Friday, April 4, 2014

Death

This has nothing to do with death, I just thought I would grab your attention! ha ha. Ok I won't do it again.
 Well I grew a bread , pretty long, the second time in my life I did this but now it is not dark brown anymore. Why grow one? I don't know, I just woke up and didn't want to shave and it started all by itself. I got my wife to take pictures of me the other night, then the next day I went to my barber shop in the old section of downtown where it must be 100 yrs old , a real barber shop even if two women run it now. She cut my shaggy hair short and trimmed the fool out of my bread and mustache. Now for more picts and put them on facebook and see who likes what. Maybe next I shave it all the way off and go back to clean face. I think all the grey on my face makes me look older, if that's possible.
 I started walking to keep in shape. I walked at a quick stroll for 1.1 mile around my neighborhood  taking about 30 minutes, including a short stop to meet and talk to another person doing the same thing. I found it was kinda fun ,but hard to motivate myself in doing it . Like it's hard to start doing pushups or sit ups. Feels like work and tires you out. So I wonder does it really help anything? I mean do you do them just so you can say you do them? Who really cares if you can do 10 or 15 pushups anyway? Why push your body to stay "in shape" ?  Why not just take it easy?  I remember my Dad saying people who exercise are all nuts and just wearing their body out, he lived to be 92 after retiring at 54 yrs old and never did anything much again but live his easy life style. So I am not sure what to do really.

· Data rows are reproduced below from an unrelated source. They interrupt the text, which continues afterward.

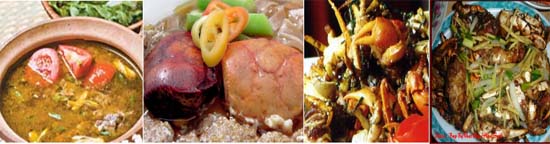 - Nấu canh cua: cua được tách ra, vặt hết các chân rồi kho với đậu phụng. Món ăn rất bùi, ngon mà không ngán. Cua nấu canh thì dùng cái cối đá giã nhuyễn rồi lóng lấy gạch cua nấu canh;
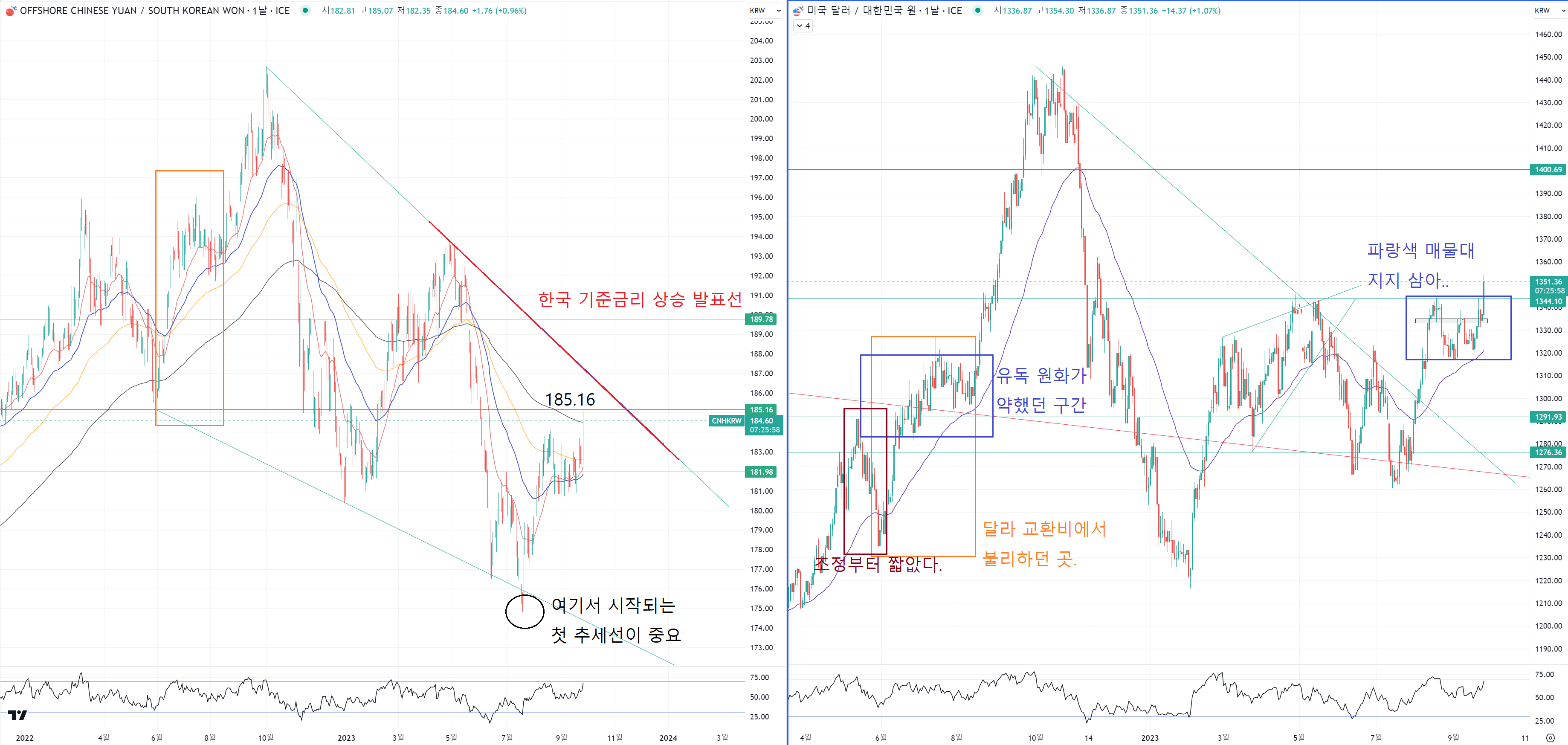 왼쪽은 위안원화 차트이고 오른쪽은 달라원화 차트입니다.
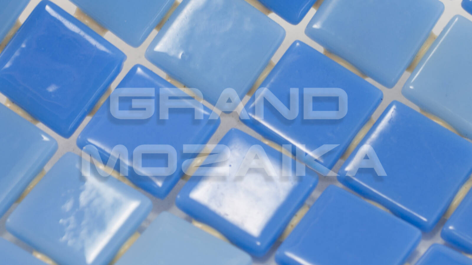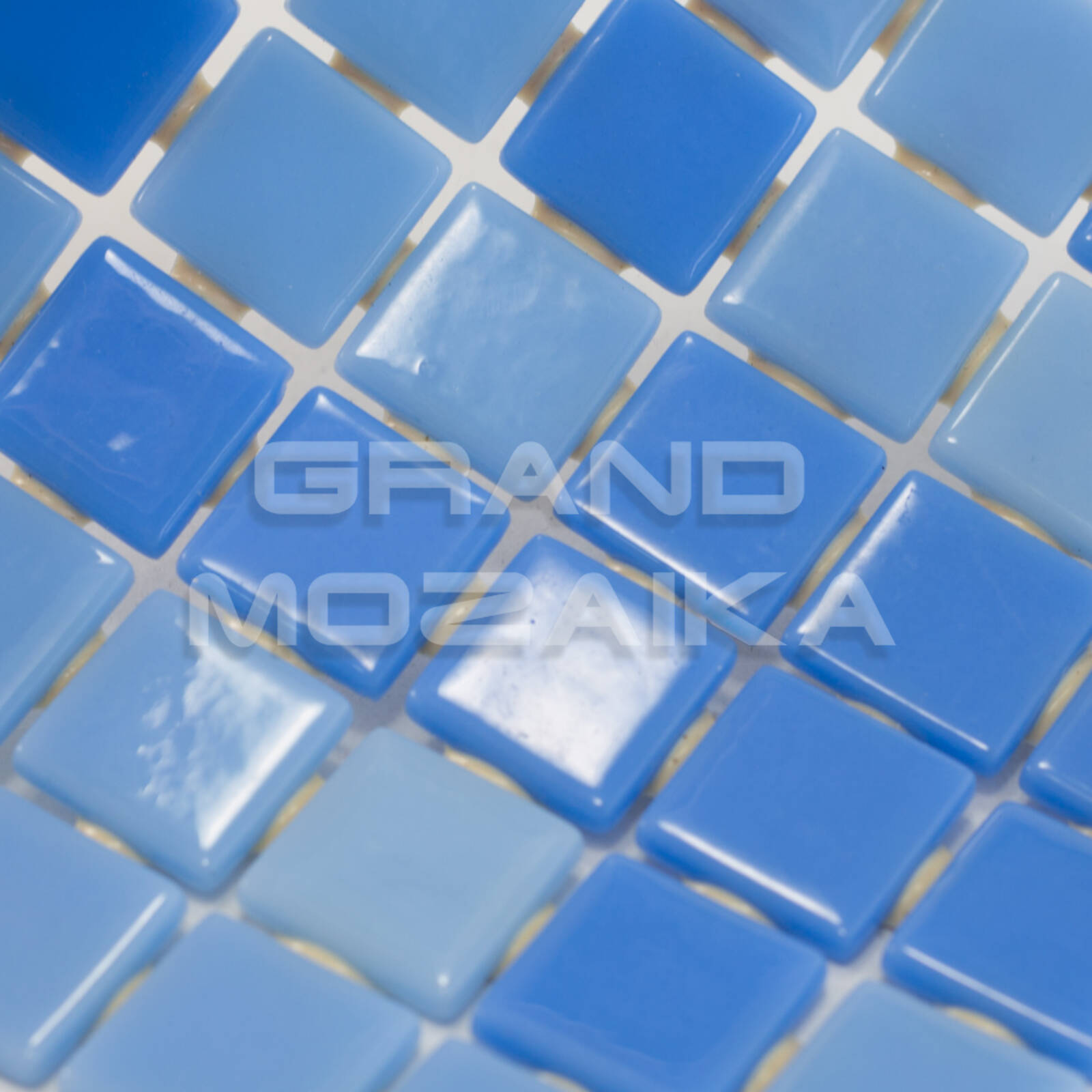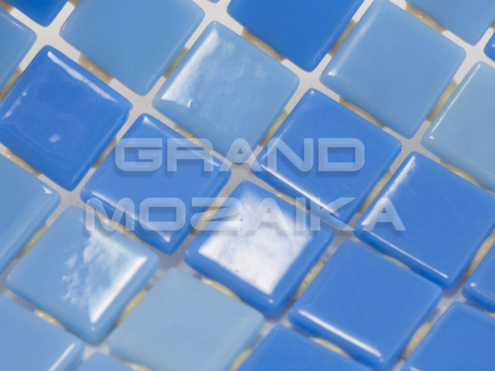 Стеклянная мозаика, серия Mixed (на сцепке), цвет: голубой, синий, размер чипа (мм): 25x25

 One of my granddaughters spent the night over the weekend, second time in a month she has asked to do this. She is really cool and really smart. We don't do anything special but my wife and I sure enjoy her being here. She has changed so much as she grows and matures. It makes me think of how much of life she still has to experience and live and I have already done that and can only look back and think , boy I wish I could do it again. But it makes me happy knowing she is a good one and is going to have a great life, full of wonder and loving people.
 I have tried to write some more songs but have failed in the attempt. I tried to sing & play a new one for my wife but she said it was just ok so, I hate to say it but have given up for awhile. I am just not blessed with that talent, nor of singing or guitar playing , but I wish I were. Sometimes I do things hoping someone will really like what I enjoy doing, is  that wrong? If so what should I do? I mean if someone you know really sings off tune or just has a bad voice do you tell them to sing anyway just because they want to and you suffer through it smiling at them? See what I mean? 
              Oh well, time to end this for now, I hope this finds you happy.